Bianca Bagnarelli (born 21 May 1988 in Milan, Italy) is an Italian artist, writer, illustrator and cartoonist. In 2015, the Society of Illustrators awarded her the gold medal in the short form category of their juried Comic and Cartoon Art Competition for her short graphic novel Fish. In 2016, she won the Lorenzo Bartoli prize for the most promising Italian cartoonist.

Bagnarelli was raised in Milan, and then spent a year studying comics and illustration at the Accademia di Belle Arti di Bologna.
In 2010, Bagnarelli founded Delebile, a small independent label that publishes short comic stories by Italian and foreign artists.

Bagnarelli regularly contributes illustrations to The New York Times and The New Yorker.
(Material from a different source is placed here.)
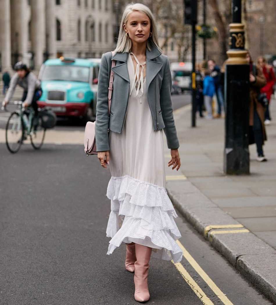 Это трендовое сочетание осени 2022 года. Любительницы платьев-комбинаций могут не отказываться от своей любимой одежды. Можно легко сделать летние вещи зимними, комбинируя их со свитером. Контраст между материалами выглядит очень эффектно, а наряд отличается легкой небрежностью. Можно добавить кроссовки или ботильоны, и повседневный образ готов.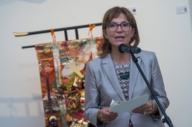 Lévai Anikó hangsúlyozta: ezeken a míves ruhákon minden mintának, formának, színnek jelentése van, és minden jelentés sokrétű. Ezek a szimbólumok a nyugati ember számára titkosak, most azonban feltárulnak a látogató előtt – méltatta a Japán antik gyermekkimonók címmel megnyílt kiállítást Lévai Anikó.

In 2017, she provided the cover art for the fiftieth issue of McSweeney's, and her work was chosen for The New York Times collection "The Year in Illustration 2017". In 2018 she provided illustrations for, among other things, Haruki Murakami's story "The Wind Cave" and an Italian version of Kazuo Ishiguro's story "Crooner" (from his short story collection Nocturnes). In 2020 she contributed a comic and two illustrations to an article in a special issue of National Geographic.

In 2023, Bagnarelli's work first appeared on the cover of The New Yorker.